Upstart Q3 Earnings Presentation Upstart Q3 Earnings Presentation
The Ugly
Upstart’s operating losses have begun to accelerate, which is unfortunate considering the company was once quite profitable. This is mostly due to the macro environment being difficult for personal loan originations. Unlike many recent IPOs, management has already shown they can run a profitable business. These losses aren’t great but management will likely be able to right the ship once the macro improves.
The company has been forced to hold more loans on their balance sheet because funding for their platform has dried up. This is a gigantic issue because it not only increases their financial exposure to potentially bad loans, it also erodes the bull case for them to have a platform-like valuation. The more loans they hold on their balance sheet the more they will be valued like a bank that doesn’t have access to a low cost deposit base.
The company is looking to secure long-term funding arrangements to mitigate this in the future, but it remains to be seen how successful they will be at that.
Revenue concentration remains high, with two of their customers making up 71% of their revenue. While this is showing improvement from the year-ago period, such a high level of revenue concentration is alarming and remains a significant risk to the company.
Finally, Upstart’s guidance for Q4 was horrendous. Most if not all of these numbers are lower than the market expected. Q4 should be Upstart’s trough quarter for this cycle. If it isn’t investors should prepare for more potential downside and think about whether the bull thesis is busted.
Upstart Q3 Earnings Presentation
Price Action
Upstart’s stock has had a wild ride since their IPO. After becoming a momentum stock the company has seen their stock brutally sell off for over a year.
Valuation
Upstart has always traded at a premium valuation, but recently has started to trade at very low P/S and P/B ratio. If the business can stabilize itself and earnings come in better than expected an investment case can actually be made based on valuation alone.
Until the business stops its rapid deterioration investors may want to watch from the sidelines. We believe that Upstart is a binary outcome with high potential rewards and losses. If Upstart’s model proves to be superior and they can expand into new loan markets and return to profitability the stock can reach $300 or even higher. If their model is broken and their loans actually perform worse than FICO over the long-run the stock could potentially go to 0 or liquidation value as there would be no reason for a financial institution to acquire them. There are very few public companies that currently have this much variance in potential outcomes.
Risks
Since our thesis is neutral in nature there are risks to the upside and downside.
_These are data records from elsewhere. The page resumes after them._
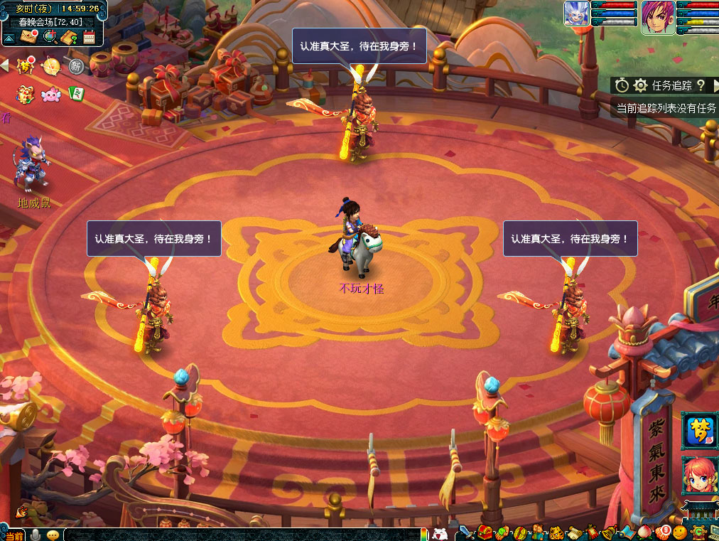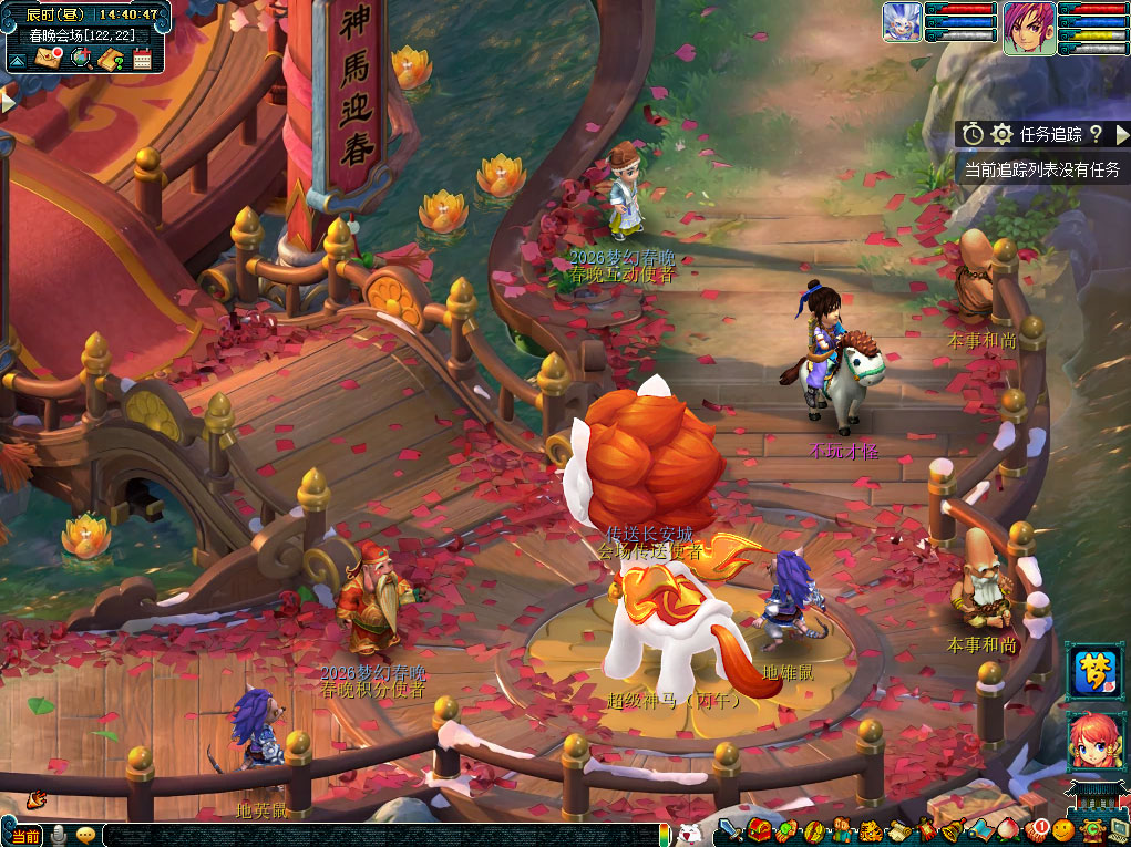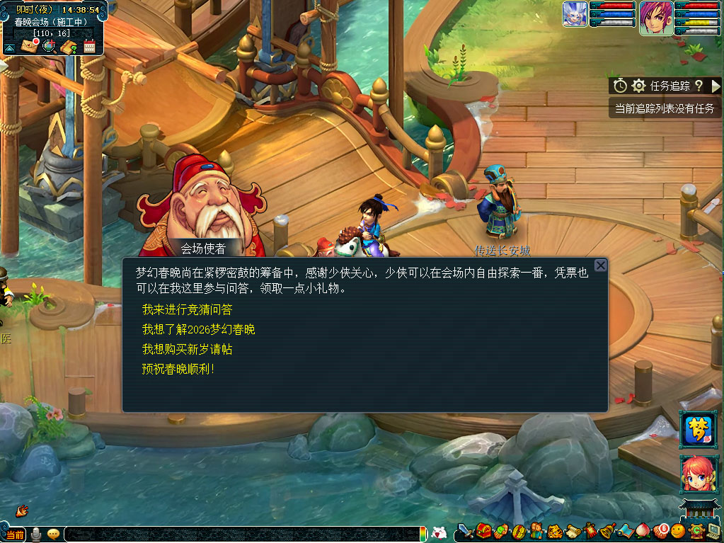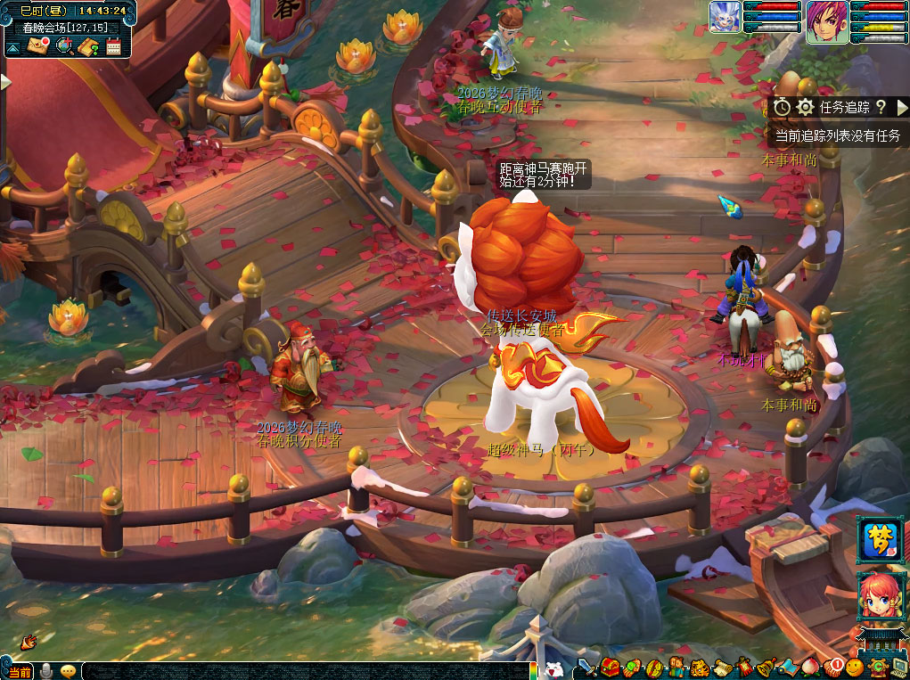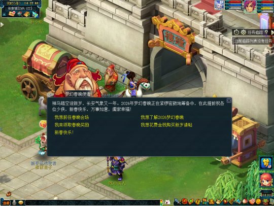 新年新气象,梦幻新春晚!2026梦幻春晚将于2026年2月10日20:00与大家见面,梦幻春晚预热活动将于2026年1月27日12:00至1月28日12:00在部分服务器测试,2月3日12:00至3月3日12:00在全部服务器放出。 1)预热活动期间,玩家可从长安城(245,124)梦幻春晚使者处进入尚在施工中的梦幻春晚会场、购买“超级神马新岁请帖”提前感受节庆氛围; 2)持有“超级神马新岁请帖”的玩家可在2月3日12:00后进入场地参与“春晚答题竞猜”活动,全服前99999名答对全部问题的玩家将获得额外奖励! 3)2026梦幻春晚将有如下精彩节目: 神马赛跑:跟随巨大的“超级神马(丙午)”游历会场,亲密互动薅取“神马鬃毛”,宝贝多多! 真假猴王:认准真大圣,待在他身旁,优胜者有机会获得梦幻周边大礼包! 天降良驹:春晚会场万马奔腾,游戏管理员助你降服遍地小马驹,人人都有机会把神兽带回家! 一、春晚筹备忙 活动时间 2026年2月3日12:00-2026年2月10日19:00 参与条件 角色等级≥59级,单人 活动NPC 梦幻春晚使者(长安城,245,124) 活动介绍 神马踏空迎新岁,长安气象又一年。2026年梦幻春晚正在紧锣密鼓地筹备中,在此提前祝各位少侠,新春快乐,万事如意,阖家幸福! 2026梦幻春晚将在2月10日20:00举行,届时所有符合条件的少侠,凭“超级神马新岁请帖”登记资格即可入场参加春晚活动,“超级神马新岁请帖”可以通过新春活动的欢乐积分达到3级获取,也可以在(长安城,245,124)梦幻春晚使者处花费50000银两购买,使用道具即可完成资格登记,可参与2月10日20:00的梦幻春晚。 所有等级≥30级的少侠都可以在(长安城,245,124)梦幻春晚使者处进入春晚会场(施工中)场地拜访,其中已完成春晚资格登记、等级≥59级的少侠,可以单人找到场地内的会场使者参与预热竞猜问答活动。全服前99999名答对问题的玩家将能获得经验、金钱、物品奖励。 特别说明 1、每名玩家活动期间仅能尝试竞猜答题2次,如两次都答错了问题将无法获得答题奖励。预热活动的竞猜答题活动外测期间不开放,于2月3日12:00后统一开启。 2、春晚会场(施工中)中的所有活动将只持续存在到2月10日19:00,预热活动结束后,所有仍身处场景内的玩家需要主动找场内的会场传送使者回到长安城。 3、2月3日至2月9日期间,每日晚间20:00后,还将有机会在春晚会场(施工中)遭遇少量神秘“嘉宾”来访,击败这些神秘“嘉宾”将有机会获得额外的物品奖励,提前感受春晚氛围! 二、神马大赛跑 活动时间 2026年2月10日20:05-2026年2月10日20:10(第一轮) 2026年2月10日20:40-2026年2月10日20:45(第二轮) 参与条件 角色等级≥59级,单人 活动NPC 超级神马(丙午)(春晚会场,118,12) 活动介绍 超级神马(丙午)将从春晚会场(118,12)起跑,踏遍春晚会场,跟随它从它身上拿到宝贵的“神马之鬃”吧! 少侠需要全程跟随巨大的超级神马(丙午)跑遍春晚会场,在它发光时尝试与它互动,将有机会获得经验、梦幻周边好礼等奖励,该环节更将有最多2名幸运儿可以将超级神马(丙午)神兽带回家哦! 特别说明 1、超级神马(丙午)每次发光时,每名玩家可以从其身上尝试获取5次鬃毛。 2、尝试获取鬃毛时,超级神马(丙午)将会释放法力,将少侠随机变成一种马匹/其他造型,更多乐趣仍待少侠探索! 三、天降有良驹 活动时间 2026年2月10日20:15-2026年2月10日20:25 参与条件 角色等级≥59级,单人组队皆可 活动NPC 天降神驹、黄金神马 活动介绍 超级神马从天而降!活动期间,将会有大量的天降超级神马出现在春晚会场中,少侠们不限单人还是组队均可挑战,成功挑战小马将获得丰厚奖励,更有游戏管理员闯入战斗,尝试助少侠驯服良驹,每轮游戏将有最多5名幸运儿可以将超级神马领回家! 此外,该环节每2分钟,将会有一只黄金神马混入小马驹们的队伍中,找到黄金神马的幸运少侠若能挑战胜利,队伍中将必定有一名成员获得超级神马(丙午)神兽一只!剩余队员也将获得高级魔兽要诀作为奖励,还请少侠们好好发挥手速和眼力,别让黄金神马溜之大吉! 特别说明 1、每只天降神驹将会存在春晚会场10分钟,20:30分所有未进入战斗的小马驹将会离开会场。 2、每一只天降神驹/黄金神马尽可被挑战1次(无论胜利失败),若非最后一轮挑战黄金神马的队伍失败了,则会在次轮额外出现一只黄金神马。 3、每名玩家活动期间最多获得1只超级神马(丙午)神兽。 四、大圣送祝福 活动时间 2026年2月10日20:30-2026年2月10日20:36(第一轮) 2026年2月10日20:50-2026年2月10日20:56(第二轮) 参与条件 角色等级≥59级,单人 活动地点 (春晚会场,77,44) 活动介绍 大圣也来到了春晚会场与少侠们同乐,还带来了几位学习了七十二变神通的小伙伴,少侠们需要在他们之中找出并待在真大圣的周围! 少侠们需要留意春晚舞台上,三名“齐天大圣”的变化手段,找出其中的真大圣,并待在真大圣的黄圈范围内,游戏将进行3轮,每轮能正确待在真大圣身边的少侠将能获得额外的奖励,包含经验、春晚积分,有几率额外获得物品奖励和梦幻周边好礼。 五、良宵同相庆 活动时间 2026年2月10日21:00-2026年2月10日22:00 参与条件 角色等级≥59级,单人 活动介绍 梦幻新春晚,佳节同相庆!2月10日21:00整,春晚结束时分,通过指令或输入发送“人人都玩,不玩才怪!”至当前频道,将获得经验、金钱、物品奖励,更有最多5名幸运儿可以将超级神马(丙午)神兽带回家! 愿少侠们都能度过一个难忘的春晚! 特别说明 1、每名玩家能且仅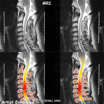MRI scans are painless and don't require needles or dye. The MRI scan has become the most common test to look at the cervical spine after X-rays have been taken.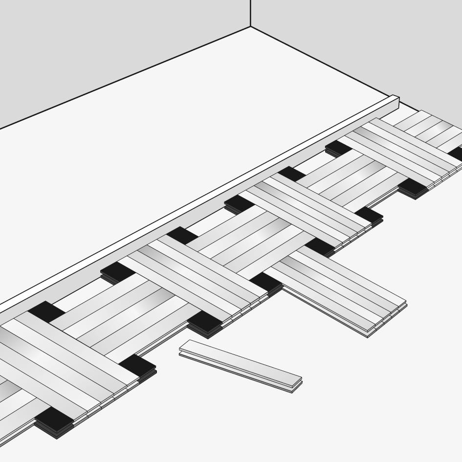 Before laying the staves, any subfloors must be levelled to a tolerance of no more than 3 mm gap showing under a 2m straight edge. The surface must be smooth with no roughness. Local irregularities must be levelled.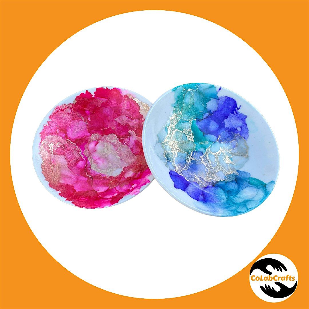 In this fun and beginner-friendly workshop, you’ll design three unique trinket trays using vibrant alcohol inks. Watch colors blend, swirl, and transform into stunning abstract patterns as you experiment with different techniques and color combinations. No experience needed—just come ready to play with color and create pieces that are both functional and beautiful. Ages: 14yo+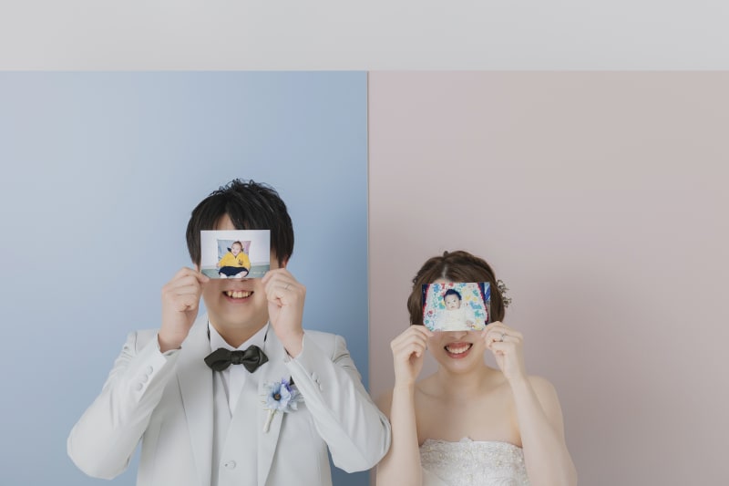 ピンクとブルーの背景で可愛い組み合わせ♪ お二人の幼少期の写真も一緒に!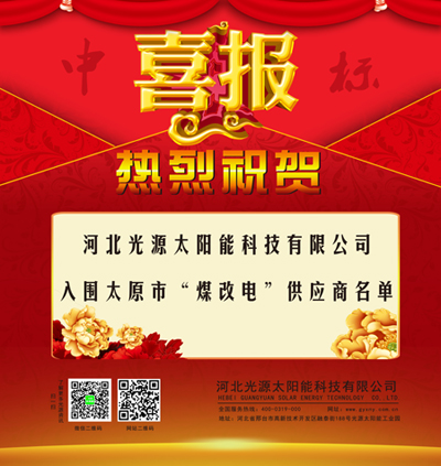 根據(jù)太原市工業(yè)和信息化局農(nóng)村清潔供熱“煤改電”領(lǐng)導(dǎo)小組辦公室制定的《太原市農(nóng)村清潔供熱“煤改電”電采暖設(shè)備供貨及安裝企業(yè)潛在投標(biāo)入圍資格一般要求和技術(shù)標(biāo)準(zhǔn)》(試行),經(jīng)專家委員會(huì)評(píng)審,確定河北光源太陽(yáng)能科技有限公司為2019年山西太原市“煤改電”采暖設(shè)備入圍企業(yè)。入圍產(chǎn)品為:蓄熱式電鍋爐、蓄熱式電暖器。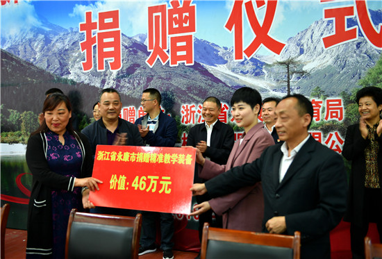 据了解,“精准教学”是永康教育最大的创新品牌,不仅在浙江省内处于领先地位,在全国也有很高的知名度。在本次考察活动中,永康教育部门积极牵线搭桥,由杭州施强教育公司代表永康教育界对理县的关心,向理县中学捐赠了55万余元的“精准教学”装备。此举是为了让理县的学生们享受更优质的教育资源,推动理县“精准教学”改革,实现永康、理县两地课堂同步。
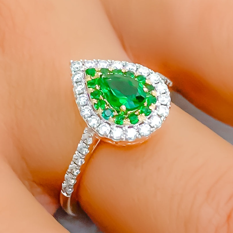 Elevate your style with our Delicate Dapper 18K Gold + Diamond Ring. Crafted with care from exquisite 18k rose gold, weighing 3.5 grams, this stunning piece features a brilliant round-cut diamond weighing 0.35ct. Radiating in F-G color and VS quality, it exudes elegance. Complemented by a beautiful pear drop-shaped cultured emerald, this ring is a true gem. Available in size 6, with ring sizing options for a perfect fit.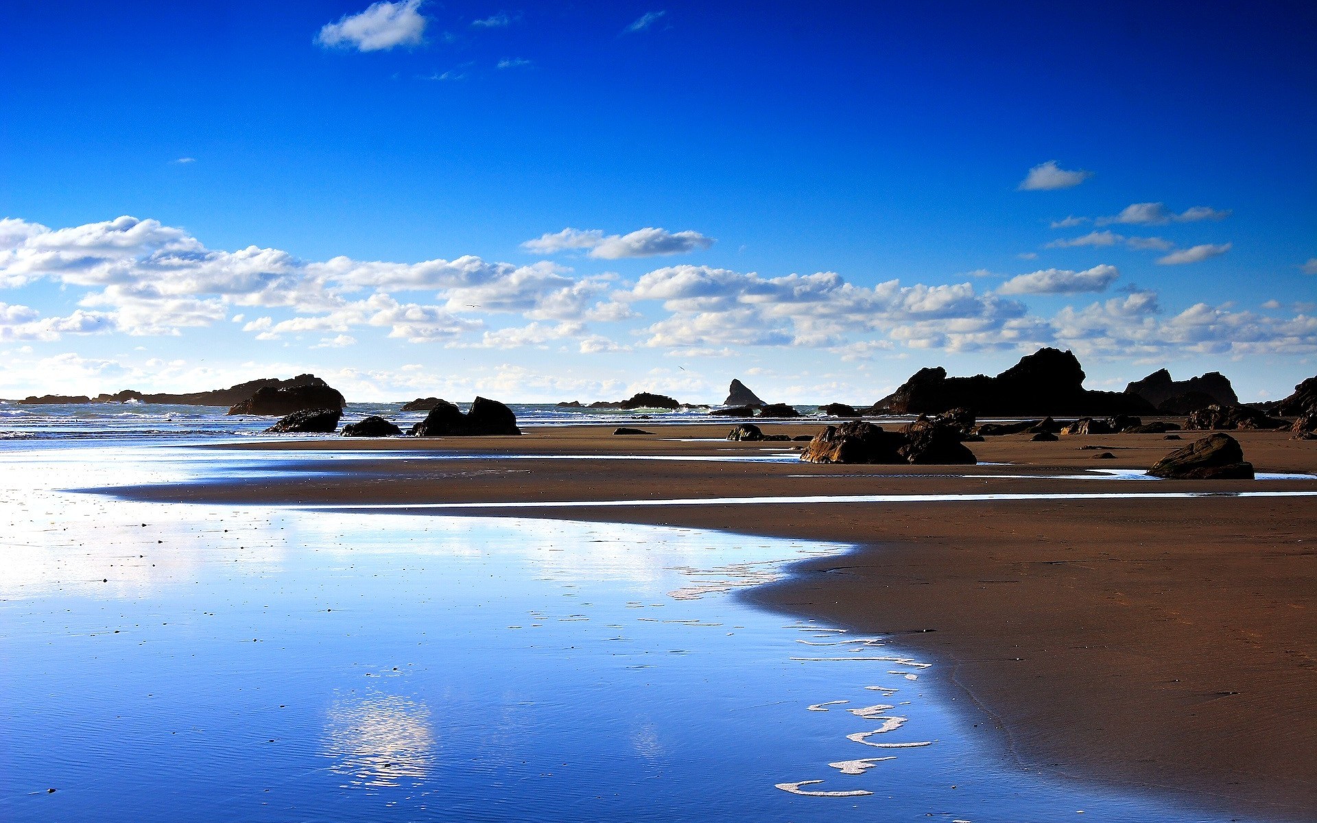 Brücke, Wasser, Riesenrad bei Sonnenuntergang
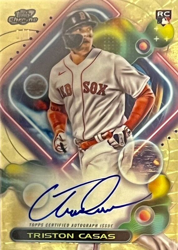 This card is 1 of 18 Triston Casas' card variations in the 2023 Topps Chrome Cosmic set being tracked by Sports Card Investor, including Base, Nucleus Refractor, Refractor, Aqua Equinox Refractor /199, and Blue Moon Refractor /99.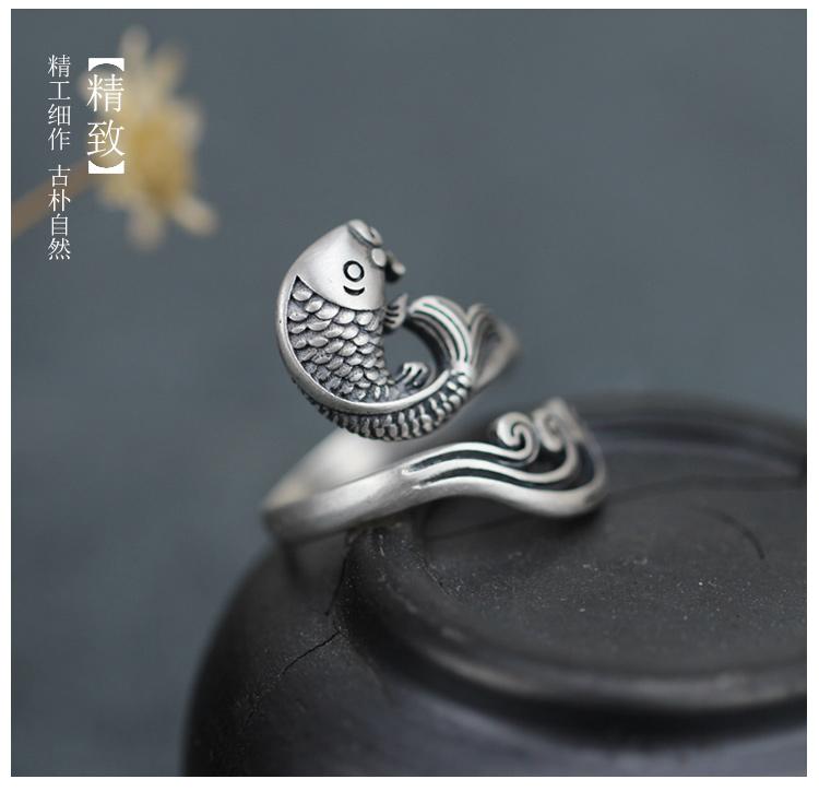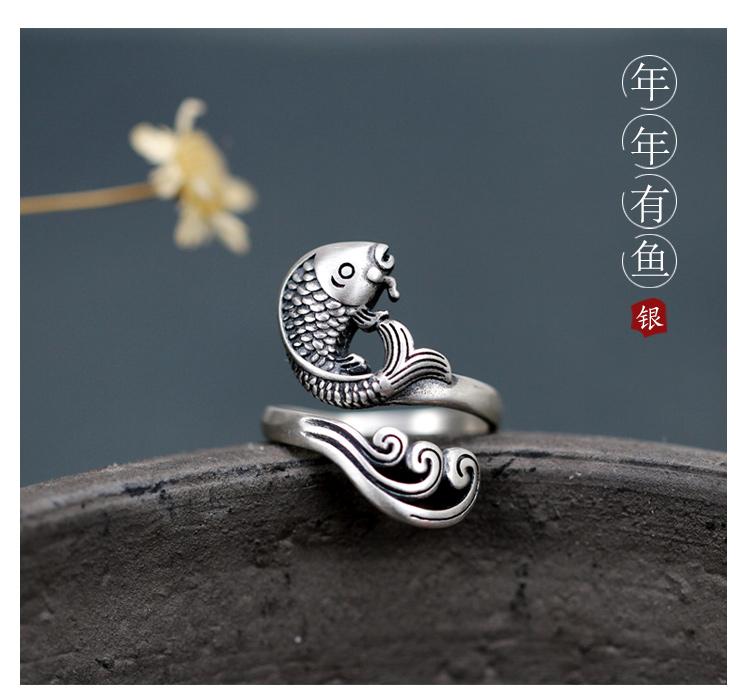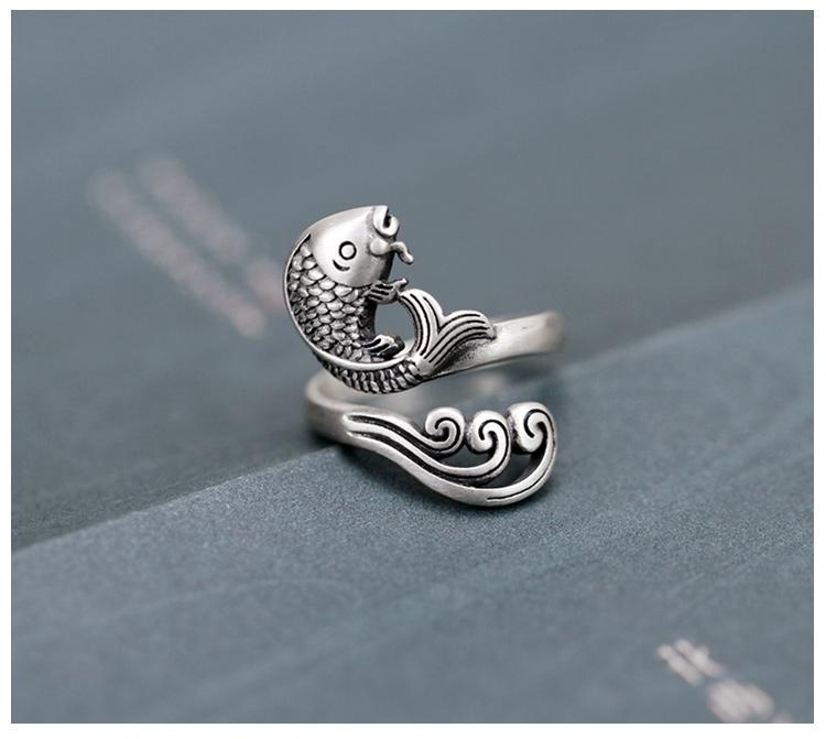 Anillo de Pescado de Año Nuevo 2024 Apertura para Mujer Oro y Plata Koi Retro Tendencia Nacional Clásico Casual Joyería de Anillo Personalizado

Upside risks include the company’s ability to improve their risk assessment model and successfully expand into other loan markets. The auto market may end up being a large area of success for them with a lower risk profile than personal loans currently have.
Downside risks include the company being unable to assess risk better than FICO and being unable to expand into new loan markets or attract new partners. The company may have difficulty attracting and retaining talent due to their declining stock price.
Key Takeaway
If Upstart can come out of this period and show that their AI risk assessment model is superior to FICO they will thrive and be able to expand into new loan markets and attract new partners. If their risk assessment model turns out to be inferior to FICO when measured over a long period of time the company may be unable to survive. Despite the potential for massive rewards, the risks lead us to believe that investors should stay on the sidelines until there is more clarity.